Cannon Park is a suburb in the southwest of the City of Coventry, West Midlands, England. It can be accessed via the major roads Kenpas Highway (A45) or Kenilworth Road. The area has a sizable shopping centre of the same name (considered 'state-of-the-art' when it opened in 1977) which features food stores, shops and eateries. Tenants include a post office, Tesco, Wilko and Iceland.

The residential area of Cannon Park was developed between the late-1960s and mid-1980s and is considered to be one of the most prosperous districts of the city. The University of Warwick is located directly adjacent to Cannon Park. The suburb is served by Cannon Park Primary School located within it.

It is bounded by the suburbs of Canley to the north and west, Westwood Heath to the south, Cannon Hill to the northeast, and Gibbet Hill to the southeast.

The bus stop at the shopping centre is used as the stop and sometimes terminus for Megabus services to London, Leeds, Manchester and Portsmouth.

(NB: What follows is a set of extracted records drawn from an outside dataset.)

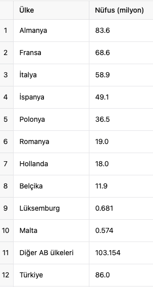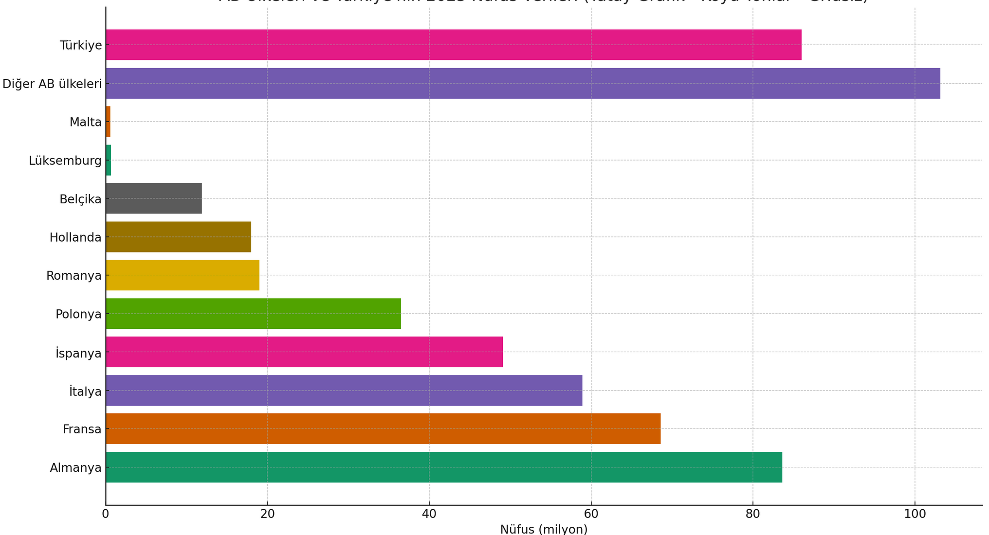 Avrupa Birliği’nin toplam nüfusu, 2025 yılı başı itibarıyla 450,4 milyona yükselerek, Kovid-19 sonrasında art arda dört yıl süren büyümesini sürdürdü. Artışın kaynağında özellikle pandemi sonrası hızlanan göç hareketleri etkili oldu. Eurostat Verileri Açıklandı: Almanya Zirvede, Malta Sonda Avrupa İstatistik Ofisi (Eurostat), Avrupa Birliği (AB) ülkelerinin 1 Ocak 2025 tarihli nüfus verilerini kamuoyuyla paylaştı. 2024 yılı başında 449,3 milyon olarak kaydedilen toplam nüfus, 2025’te 450,4 milyon seviyesine çıkarak dikkat çekici bir artış göstermiş oldu. Avrupa kıtasının en kalabalık ülkesi olan Almanya, 83,6 milyonluk nüfusuyla AB içinde ilk sıradaki yerini korudu. Almanya’yı 68,6 milyonla Fransa, 58,9 milyonla İtalya ve 49,1 milyonla İspanya takip etti. Nüfus bakımından beşinci sırada 36,5 milyonluk değeriyle Polonya yer aldı. Romanya 19 milyonluk nüfusuyla altıncı sırayı alırken, Hollanda 18 milyon, Belçika ise 11,9 milyon kişiyle sıralamadaki yerlerini aldı. Birliğin en düşük nüfusuna sahip ülkeleri ise sırasıyla 681 bin kişiyle Lüksemburg ve 574 bin kişiyle Malta oldu. Diğer AB ülkelerinin toplam nüfusu ise yaklaşık 103,1 milyon olarak hesaplandı. Göç Hareketleri Etkili Oldu, 4 Yıldır Artış Devam Ediyor Avrupa Birliği’nin toplam nüfusu, 2021 yılında Kovid-19’un etkileriyle birlikte düşüş göstermişti. Bu düşüşün ardından geçen dört yıl içinde nüfus her yıl artış yönünde seyretti. Bu eğilimde, özellikle salgın sonrası hızlanan ve yeniden şekillenen göç akımlarının önemli bir etkisi bulundu. Eurostat açıklamasında, “AB'nin nüfusu 2021'de Kovid-19'un etkileri nedeniyle yaşanan düşüşün ardından 4 yıl boyunca artış gösterdi. AB'nin nüfus artışı özellikle Kovid-19 salgını sonrası artan göç hareketlerinden kaynaklandı.” ifadelerine yer verildi. Türkiye Nüfusu 85 Milyon 664 Bin 994 Oldu Avrupa Birliği’ne üye olmayan Türkiye’nin toplam nüfusu ise 2025 yılı itibarıyla 85 milyon 664 bin 994 olarak belirlendi. Türkiye, AB ülkeleri arasında nüfus büyüklüğü açısından Almanya’nın ardından ikinci sırada yer alacak kadar geniş bir demografik yapıya sahip durumda.
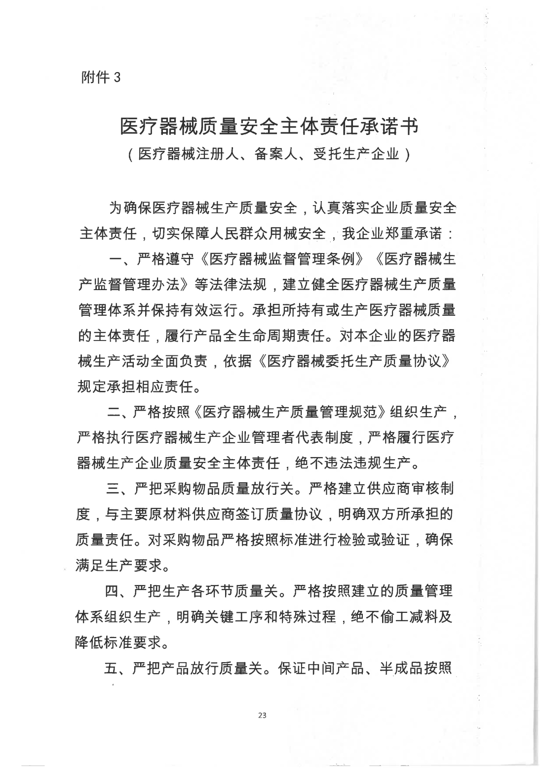 医疗器械质量安全主体责任承诺书(医疗器械注册人、备案人、受托生产企业)
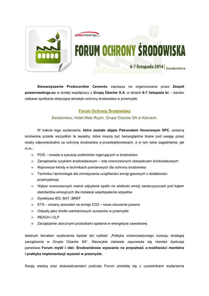 Stowarzyszenie Producentów Cementu zaprasza na organizowane przez Zespół powermeetings.eu w ścisłej współpracy z Grupą Ożarów S.A. w dniach 6-7 listopada br. - bardzo ciekawe spotkanie dotyczące tematyki ochrony środowiska w przemyśle: Forum Ochrony Środowiska Sandomierz, Hotel Mały Rzym, Grupa Ożarów SA w Karsach. W trakcie tego wydarzenia, które zostało objęte Patronatem Honorowym SPC, zostaną omówione przede wszystkim te aspekty, które muszą być bezwzględnie brane pod uwagę przez osoby odpowiedzialne za ochronę środowiska w przedsiębiorstwach, a w tym takie zagadnienia, jak m.in.: • POŚ – nowela a sytuacja podmiotów ingerujących w środowisko • Zarządzanie ryzykiem środowiskowym – rola nowoczesnych ubezpieczeń środowiskowych • Najnowsze trendy w technikach pomiarowych dla ochrony środowiska • Technika i technologie dla zmniejszania uciążliwości emisji gazowych z działalności przemysłowej • Wpływ nowoczesnych metod odpylania spalin na wielkość emisji zanieczyszczeń pod kątem standardów emisyjnych dla instalacji współspalania odpadów • Dyrektywa IED, BAT, BREF • ETS – zmiany zezwoleń na emisje CO2 – nowe otoczenie prawne • Odpady jako źródło wartościowych surowców w przemyśle • REACH i CLP • Zarządzanie ubocznymi produktami spalania w energetyce zawodowej Istotnym tematem wydarzenia będzie też wykład: „Polityka zrównoważonego rozwoju strategią zarządzania w Grupie Ożarów SA”. Niezwykle ciekawie zapowiada się również dyskusja panelowa: Forum myśli i idei: Środowiskowe wyzwania na przyszłość a możliwości mentalne i praktyka implementacji wyzwań w przemyśle. Swoją wiedzą oraz doświadczeniami podczas Forum podzielą się z uczestnikami wydarzenia wieloletni praktycy rynku, w tym Andrzej Ptak, Prezes Zarządu, Dyrektor Generalny, Grupa Ożarów S.A. oraz Jan Deja, Dyrektor Biura, Stowarzyszenie Producentów Cementu, a także tacy Eksperci jak: Bogusława Rutkowska, Dyrektor, Departament Inspekcji i Orzecznictwa, Główny Inspektorat Ochrony Środowiska Małgorzata Janiszewska, Świętokrzyski Wojewódzki Inspektor Ochrony Środowiska Małgorzata Typko, Dyrektor, Departament Ochrony Środowiska, Ministerstwo Środowiska Karolina Ubysz, Radca Prawny, Departament Ochrony Powietrza, Wydział ds. Zarządzania Emisjami Gazów Cieplarnianych, Ministerstwo Środowiska Monika Wasiak-Gromek, Naczelnik Wydziału Krajowego Centrum Informacyjnego ds. REACH i CLP, Departament ds. Substancji i Mieszanin Niebezpiecznych, Biuro do spraw Substancji Chemicznych Mieczysław Kobylarz, Dyrektor Biura Zarządzania Procesami Wytwarzania, Jakością, Środowiskiem i Wsparciem BHP, GDF Suez Energia Polska Marzena Jasińska-Łodyga, Szef Ochrony Środowiska, Grupa Ożarów S.A. Paweł Holnicki-Szulc, Dyrektor Generalny, AIG Marcin Żak, Kierownik Operacyjny, Laboratorium Pomiarów Emisji Wessling Polska Sp. z o.o. Ludomir K. Błeszyński, SIEMENS Industry Software Sp. z o.o. Dariusz Janasz, Starszy Specjalista ds. Marketingu i Sprzedaży, Urządzenia Pomiarowe – Analityka Procesowa, ABB Sp z o.o. Włodzisław Ćwiąkalski, Prezes Zarządu EMIPRO Sp. z o.o. Patryk Weisser, p.o. Dyrektora Oddziału, Instytut Ceramiki i Materiałów Budowlanych, Oddział Inżynierii Procesowej Materiałów Budowlanych w Opolu Joanna Poluszyńska, Kierownik Techniczny, Laboratorium Pomiarów Przemysłowych i Środowiska, Oddział Inżynierii Procesowej Materiałów Budowlanych w Opolu Józef Mokrzycki, Prezes Zarządu, Mo-BRUK S.A. Robert Żmuda, Dyrektor Działu Rozwoju, Remark-Rozruch S.A. Marek Grzesiuk, OMC ENVAG Tadeusz Gralec, Szef Produkcji, Grupa Ożarów S.A. Zdzisław Hoda, Kierownik Wydziału Produkcji i Współspalania, Grupa Ożarów S.A. Piotr Gozdek, Kierownik Zmiany w Wydziale Współspalania, Grupa Ożarów S.A. Beata Brynczak, Radca Prawny, Brynczak Ubysz Kancelaria Radców Prawnych Zachęcamy do zapoznania się z pełnym programem Forum. Więcej informacji pod tym linkiem: http://www.powermeetings.eu/konferencje/en/forum-ochrony-srodowiska/. Zapraszamy do kontaktu z organizatorem: Agnieszka Kozłowska Project Manager tel.: +48 22 740 67 80 faks: +48 22 672 95 89 e-mail: [email protected] www.powermeetings.eu
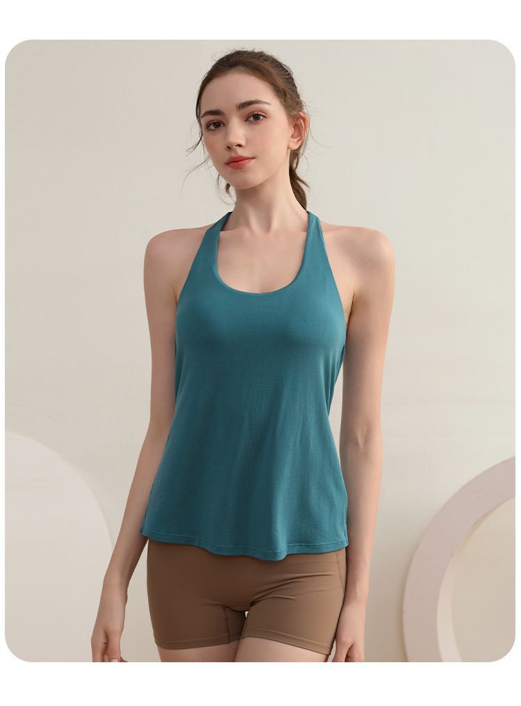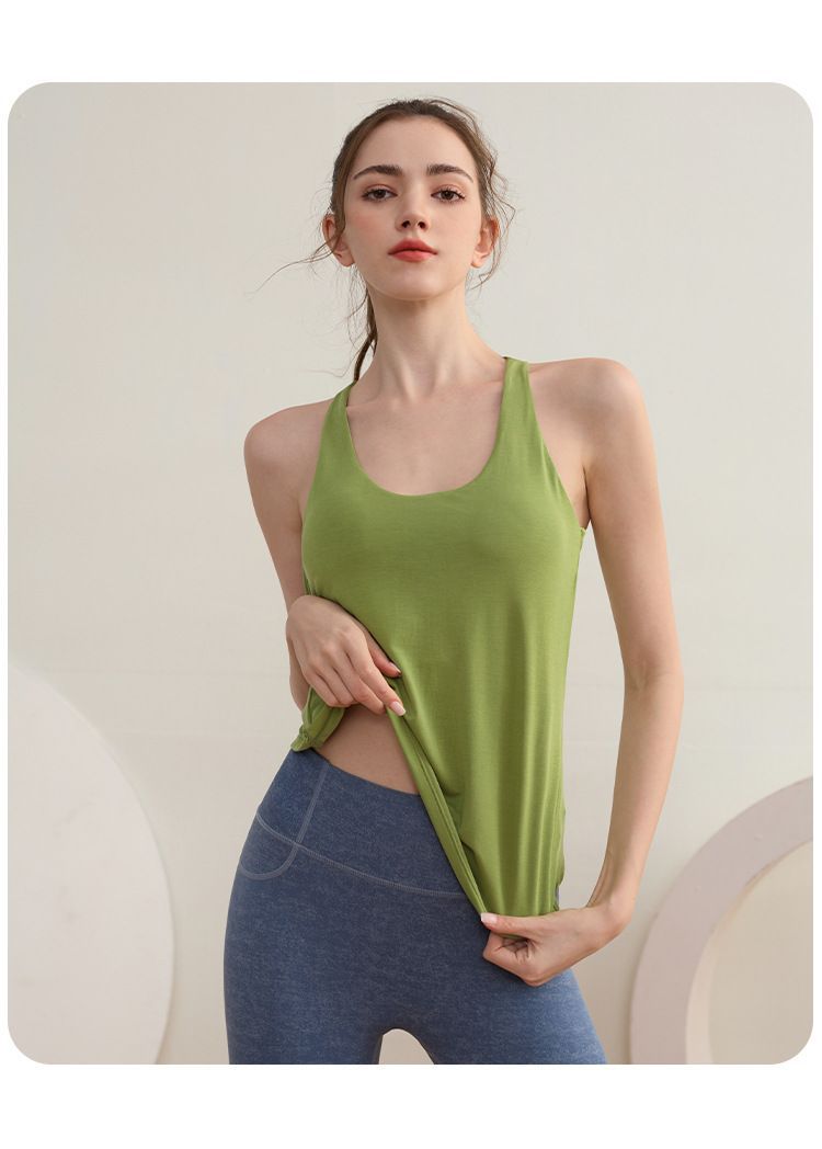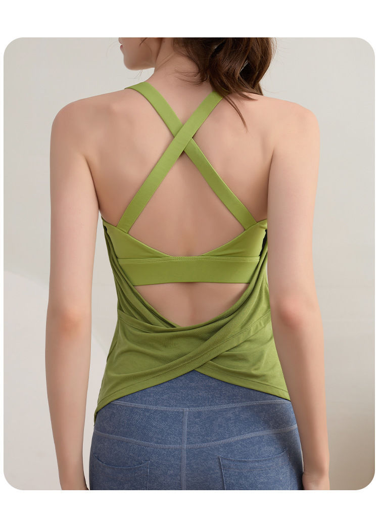 가슴 패드가 있는 여성용 페이크 투피스 피트니스 조끼, 스포츠 탑, 크로스백 요가복, 민소매 티셔츠스토어 가기
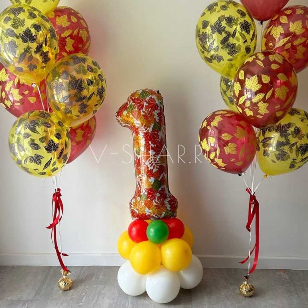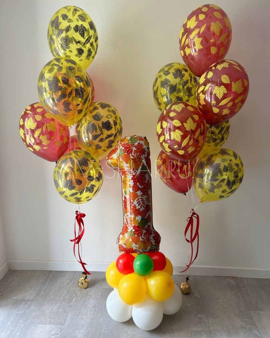Композиция пойнт с цифрой и 14 шаров с гелием.
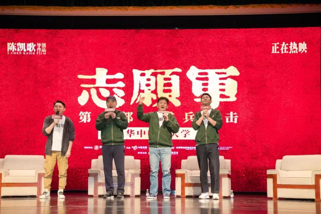 华大在线讯(记者 郝日虹 曾楚航)为深入学习贯彻习近平文化思想,进一步弘扬伟大抗美援朝精神,强化师生爱国强军意识,10月22日,《志愿军:雄兵出击》观影交流会在凯发k8官网,凯发k8网址大学生活动中心大礼堂举行。导演陈凯歌携编剧张珂,主演王砚辉、朱亚文等电影主创团队,与凯发k8官网,凯发k8网址师生交流分享影片幕后故事。湖北省委宣传部常务副部长邓务贵,湖北长江电影集团党委书记、董事长朱雨龙,湖北长江电影集团党委委员、纪委书记、省监委驻集团监察专员彭华,校长郝芳华、副校长任友洲、李鸿飞,校党委副书记陈迪明等出席观影交流会。
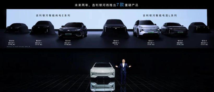 中高端新能源系列——“吉利银河”计划在2年内将推出7款全新车型。其中4款智能电混L系列基于吉利银河智能“电混”架构打造,覆盖A0级到B级智能电混产品,首款电混SUV银河L7、首款电混轿车银河L6将分别于今年二、三季度交付;3款智能纯电E系列基于吉利银河智能“纯电”架构打造,覆盖A级到D级智能纯电产品,首款纯电产品E8将于今年四季度交付。

There are currently plans in place to demolish the current shopping centre, and replace it with a new one including a significantly larger Tesco Extra store, similar in size to the one at the Ricoh Arena, Coventry. It is currently unclear when such plans will be developed, as whilst receiving planning permission from the local authority, there has been significant opposition from local residents.